Another fail from this lacklustre Gubmint. Will we watch another small city of New Zealanders take the hint and depart for more hopeful shores this year?
depart for more hopeful shores this year?
Which shores are those, it's looking pretty dire, everywhere.
At this stage it'd possibly be better if the country depopulates and returns to nature, and humans can relocate elsewhere to enjoy this dystopic hellscape.
I agree. Not only massive cuts to public services destroying valuable knowledge (and there's more when it comes to restricting knowledge .... Judith Collins), our young and talented along with those with much needed skills leaving in droves for greener pastures is just doubling down on austerity and will be the cause of a massive reduction in well-being. Given that austerity measures significantly impact social mobility and life trajectories (especially for those least affluent in society) it doesn't bode well for the future. This Govt. is doing nothing other than orchestrating the very outcome Nicola Willis says she is trying to avoid. Such outrageous double speak.

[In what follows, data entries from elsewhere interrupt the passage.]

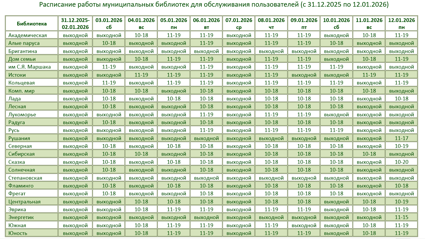 ![]() Уважаемые читатели! В праздничные новогодние дни меняется режим работы наших библиотек. Ознакомиться с изменениями можно здесь. 05.01.2026 г.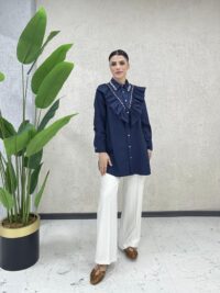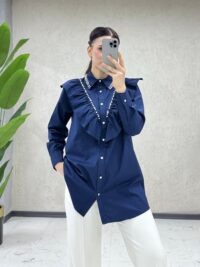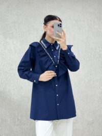 Poplin kumaşın doğal rahatlığıyla öne çıkan bu 82 cm uzunluğundaki gömlek, zarif detaylarıyla sade şıklığı bir araya getiriyor. Ön kısmında yer alan naif taş süslemeler ve fırfır detayları, tasarıma güzel bir dokunuş katarken, günlük stilinize özel bir hava kazandırıyor. Hem konforu hem de zarafeti arayanlar için etkileyici bir seçenek!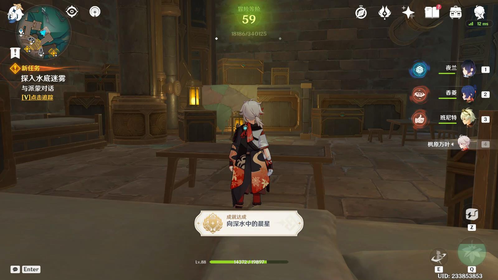 繼續(xù)與派蒙對話結(jié)束,獲得成就「向深水中的晨星」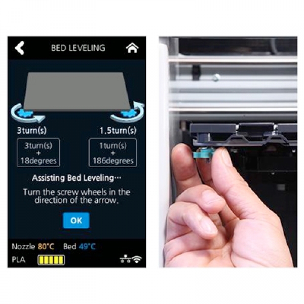Kaliteli baskılar alınmasındaki belki de en önemli etken baskı tablasının tek bir düzlemde kalibre edilmesidir. Evinizin eğimli bir temele inşa edilmesini istemezdiniz değil mi? Aynı durum 3 boyutlu baskı için de geçerlidir. Kalibrasyon işlemi, tablanın altında bulunan vidalar aracılığı ile tablanın yükseltilmesi veya alçaltılması işlemidir. 3Dwox akıllı sensör özelliği sayesinde size doğru açıyı yakalayana kadar rehberlik eder. Tek yapmanız gereken ekranda yazan yönde vidaları çevirme işlemidir.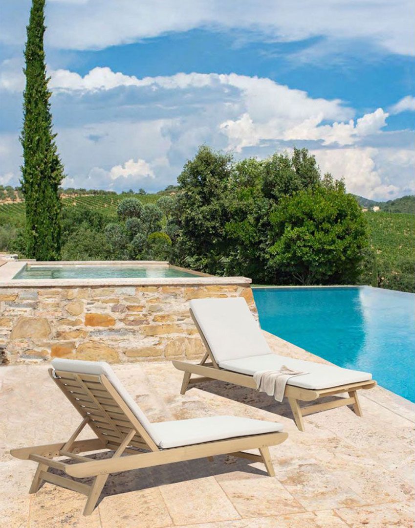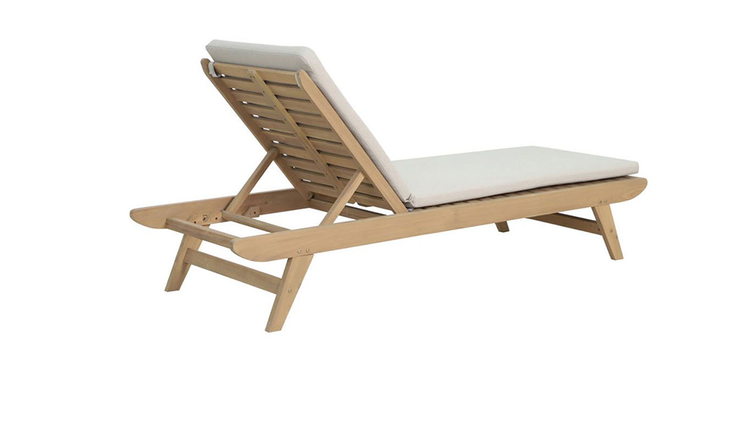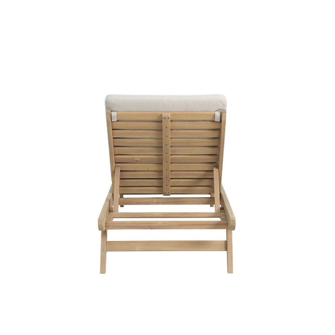 Η ξύλινη αυτή ξαπλώστρα είναι η απόλυτη επιλογή για στιγμές χαλάρωσης και κομψότητας στον εξωτερικό σας χώρο. Κατασκευασμένη από ξύλο ακακίας σε φυσική απόχρωση, διαθέτει μια στιβαρή αλλά εκλεπτυσμένη δομή, που συνδυάζει αντοχή και αισθητική. Το αναπαυτικό της μαξιλάρι από λινό ύφασμα σε ανοιχτό μπεζ χρώμα προσφέρει μέγιστη άνεση, ενώ η εργονομική της σχεδίαση επιτρέπει την προσαρμογή της πλάτης σε διάφορες κλίσεις. Ιδανική για τον κήπο, τη βεράντα ή την πισίνα, η ξαπλώστρα αυτή φέρνει έναν αέρα πολυτέλειας και χαλάρωσης στον χώρο σας.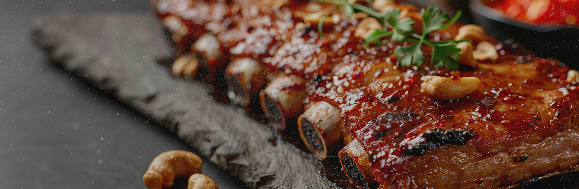 Bata a castanha-de-caju no pilão até formar uma farofa grossa e reserve. Ainda no pilão (nem precisa lavar), bata 1 dente de alho com ½ colher (chá) de sal até formar uma pasta. Junte a geleia de laranja e misture bem. Com uma colher, espalhe a geleia temperada sobre a costela e salpique a castanha-de-caju. Leve ao forno para assar por cerca de 25 minutos ou até dourar. Enquanto isso, corte as cebolas em quartos, passando a faca pela raiz e descasque – assim os gomos ficam unidos. Descasque os dentes de alho.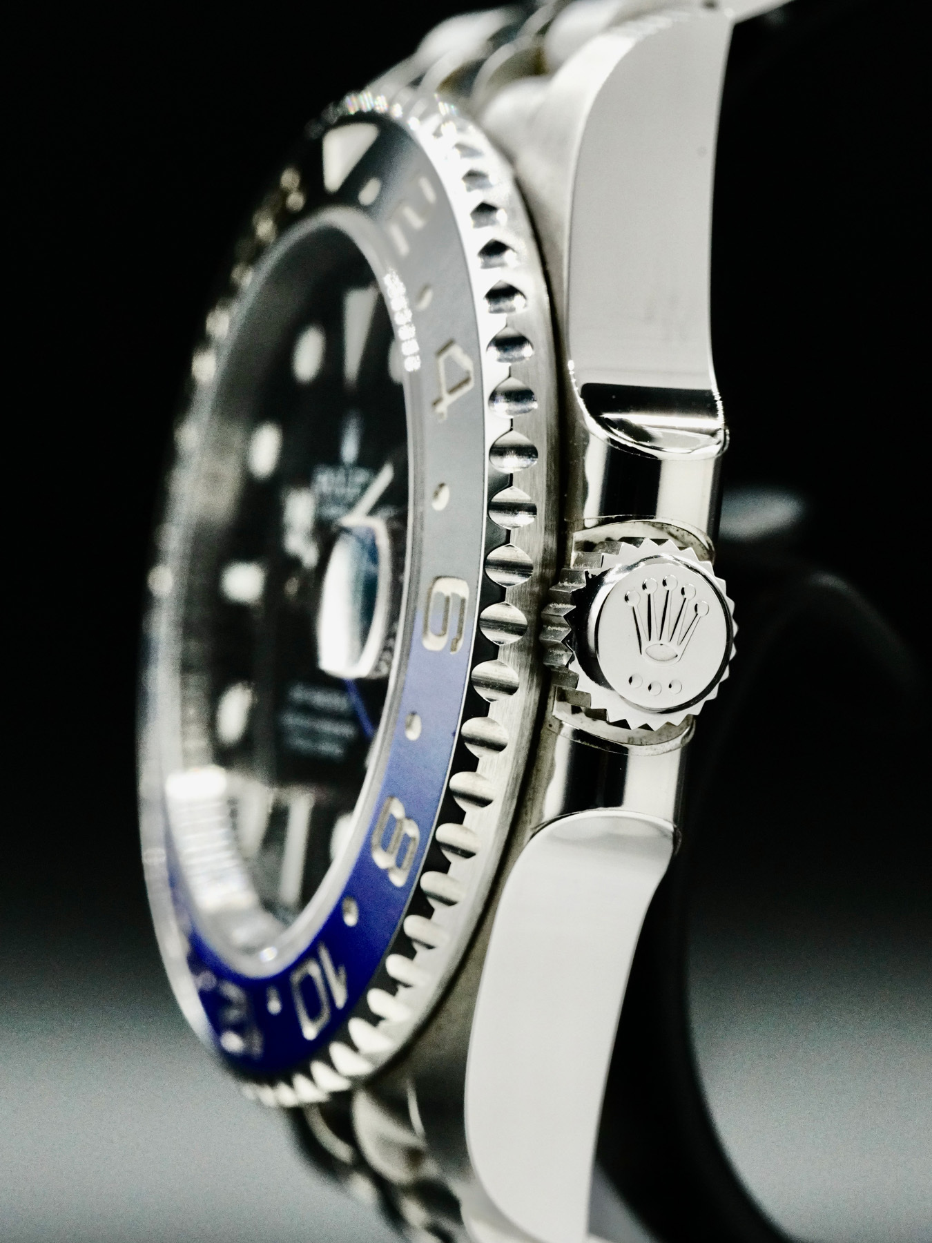 This Rolex GMT-Master II features a 40mm stainless steel case with a solid case back on a stainless steel jubilee bracelet. This watch sports a two-colour blue and black Cerachrom bidirectional bezel insert in ceramic. The dial is black with a highly legible Chromalight display with long-lasting blue luminescence covered by scratch resistant sapphire crystal.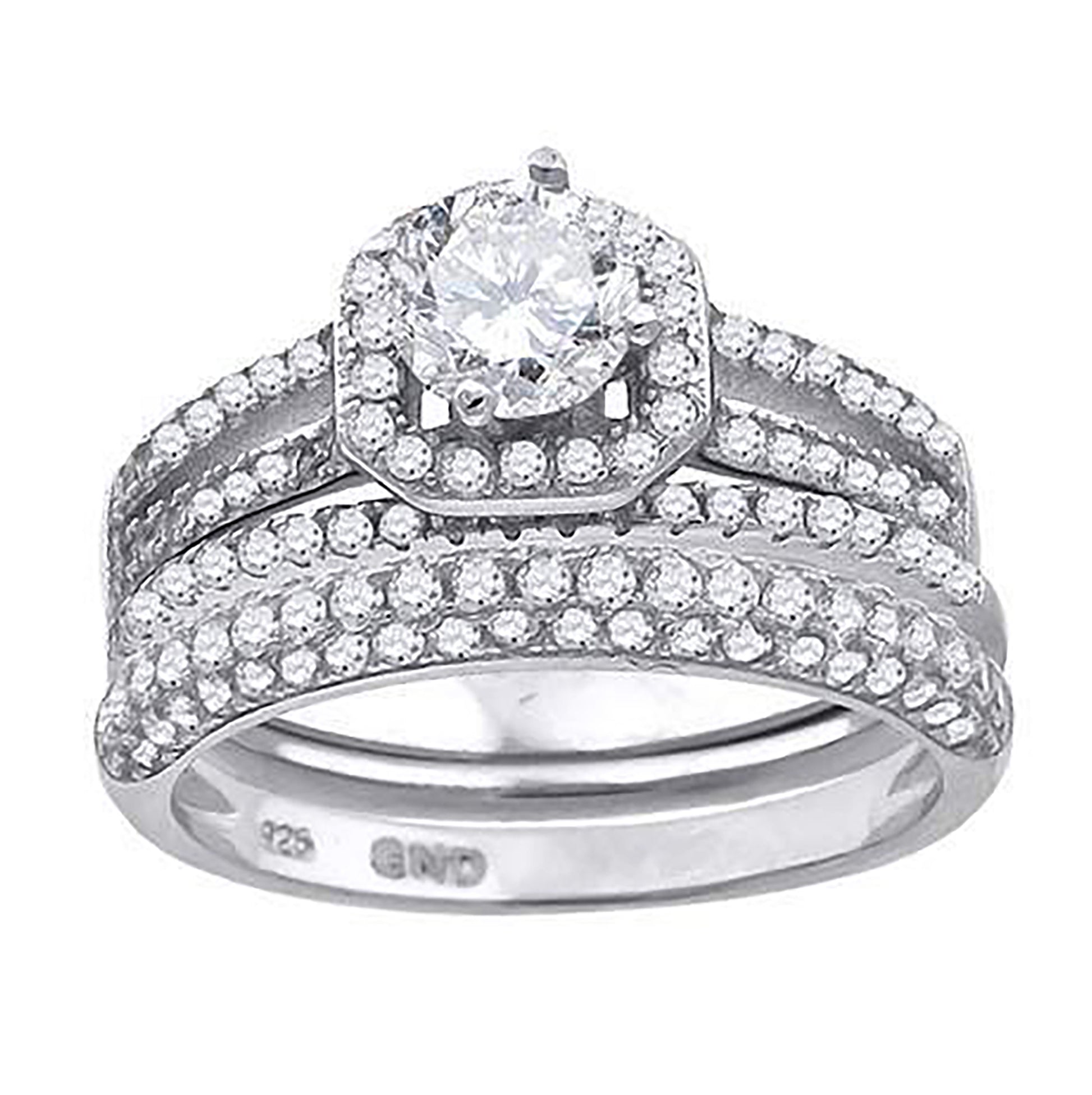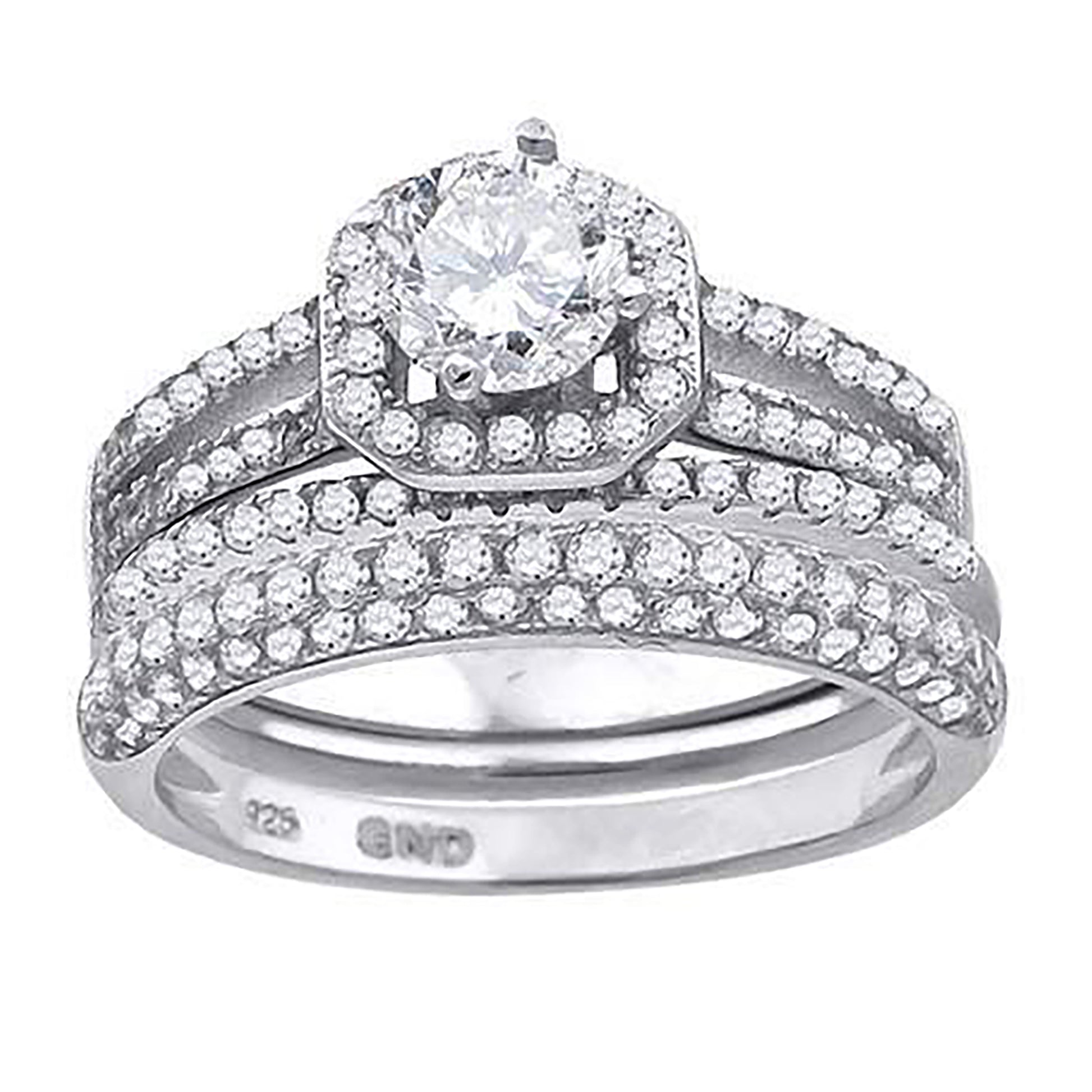 Sterling Silver Cubic Zirconia Halo Bridal Anniversary Engagement Wedding Trio Set Ring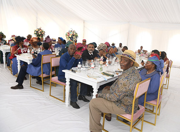 The tent was glamorously decorated with golden chairs and tableware, a classic reflection of wealth, prosperity and ultimate beauty. The cake, a two tier wrapped around and fished with golden iced roses. In his speech Kgosi Malope II underscored his contentment and gratitude for the day.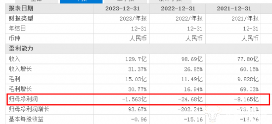 上市首年,爱回收归母净利润亏损8.165亿元人民币(下同);2022年,公司亏损还加剧了,归母净利润亏损24.68亿元,同比下降202.24%;直至去年,爱回收亏损收窄至1.563亿元,三年亏损累计超34亿元。不过,总体上爱回收2023年业绩已有好转。2023年全年营收129.358亿元同比增长31.4%。

"History is full of people who out of fear, or ignorance, or lust for power has destroyed knowledge of immeasurable value which truly belongs to us all. We must not let it happen again." Carl Sagan
Perhaps whilst a politician, they along with their immediate family members must only use the public hospital system, as well their children attend state schools?
Good thing Trump came along so they could roll their fictional surplus out further and pretend it’s all to do with the tariffs.
So you believe Trump's tariffs won't have negative effects on the NZ economy?
Strangely for a convicted DGM I agree with the comment and expect it will be just a convenient excuse.
Not directly. Maybe indirectly although with what we export we could also benefit. Our exports to the US are about 10% of our total. Total exports are about 25% of GDP. So a 10% tariff assuming relatively neutral demand elasticity and a 50% cost to the consumer and the other half to the producer would probably see demand drop by about maximum 25%? So 10% of 25% of 25% is roughly a 0.6% impact on our GDP.
I was more stressing the fact that their past forecasts of expected timing in reaching surplus were completely farcical.